SOCKS5 based proxies are more popular among users in china. but technically it's not encrypted tunnel but just a proxy for the convenience of visiting blocked services. it's just less privacy friendly.
Ah good to know. Did you try the obfuscation features of Tor like obfs4 bridges or Snowflake? Afaik they are explicitly designed to circumvent Tor censorship and hide the fact that the user is using Tor. However they need to be enabled manually.
They work neither, if you mean the public bridges. The point is the host list in route layer, not the protocol in network layer. And we can NOT trust any bridges on the surface web: Bridge or Honeypot, are you sure? And if you access porn sites only, the CN gov will be a kind of 'mercy'. Believe or not, we can tip the strip show girls(as '网红直播') by alypay, easy as order take out on Uber.

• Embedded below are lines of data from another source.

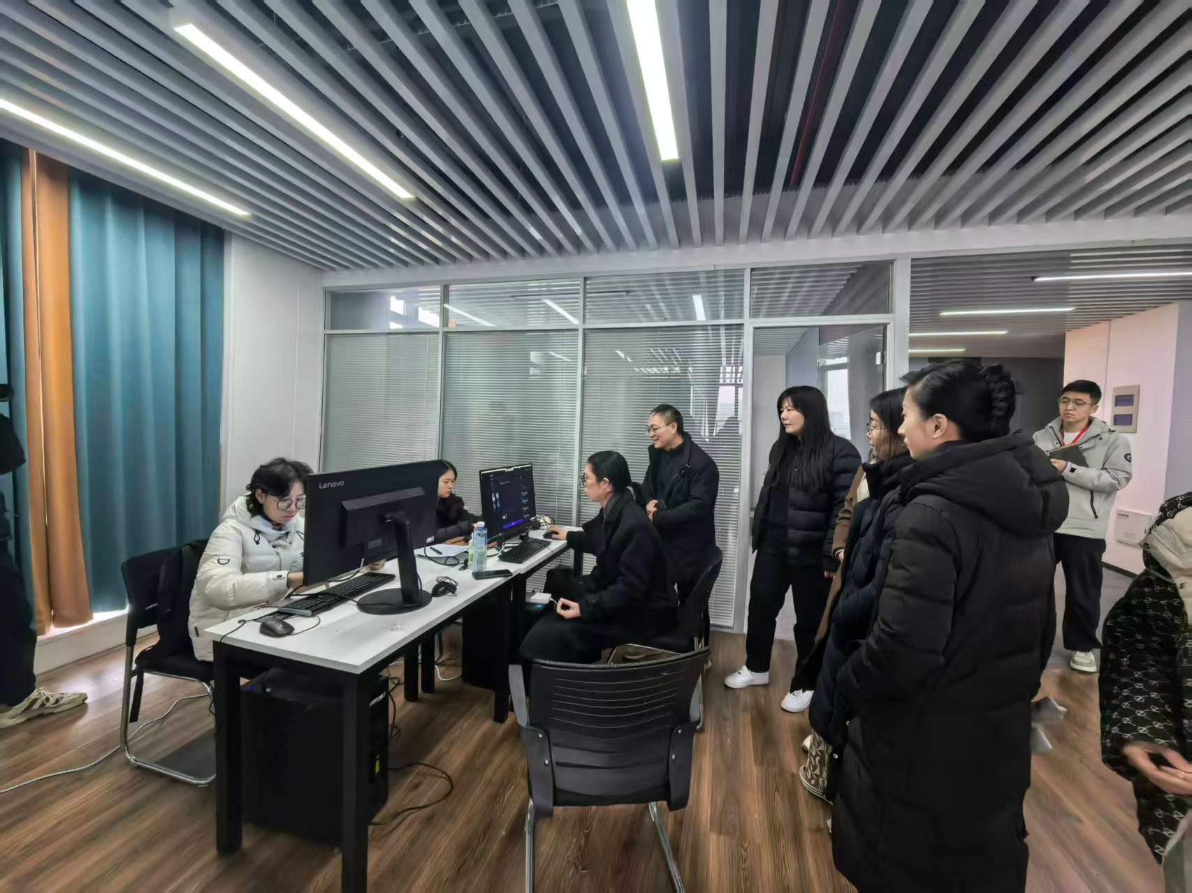 司晨视觉科技集团全国院校总监胡佳文对学院一行到访表示热烈欢迎,并陪同参观了企业核心的实训与技术区域。在虚幻引擎、影视后期等实习实训区,调研组详细了解了企业如何将真实产业项目转化为教学实践内容,深入考察了技术流程与实际应用场景,对该集团“项目融入教学”的产教融合模式给予了积极评价。随后,一行人走进AIGC实训区,现场体验了人工智能生成内容领域的最新应用,切身感受数字技术前沿动态。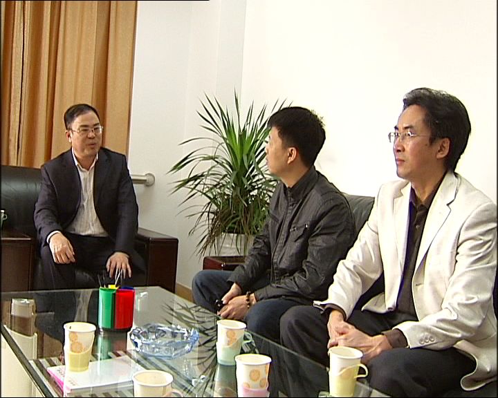 我院党委书记朱伟才、副书记阳旭与栏目组负责人座谈(视频截图)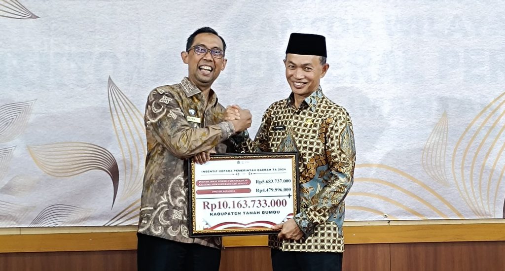 Total insentif yang di serahkan kepada pemerintah daerah Kabupaten Tanah Bumbu sebesar Rp10.163.733.000.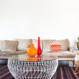 Around the Bend is a bright and happy place to be when speaking of the cool iron wire furniture from Los Angeles' own Bend Goods. In true Southern Cali style, these corrosion-resistant pieces with their pop of powder-coat color can easily meander from indoors to outside. Sculptor, designer and entrepreneur Gaurav Nanda perfected the signature process he calls "bending"—shaping and spot welding the wire by hand—to achieve intricate patterns in Bend's furniture, lighting and accessories.

I don't know enough about Tor, but I'll ask anyway: While I'm too scared to run a Tor exit node, I wonder if we could all help the Chinese people by running what I might call a Tor "entry node"? The idea is that we all run something that can help the Chinese to access Tor, by forwarding connections to Tor. We could hide them inside our normal websites, so that connections to this entry node look like typical HTTPS connections. We could be motivated to run these via bitcoin, where the users have to pay small amounts of bitcoin if they want a high bandwidth connection. If we all run these, then the Great Firewall would have to block very many entire websites ( @c03rad0r )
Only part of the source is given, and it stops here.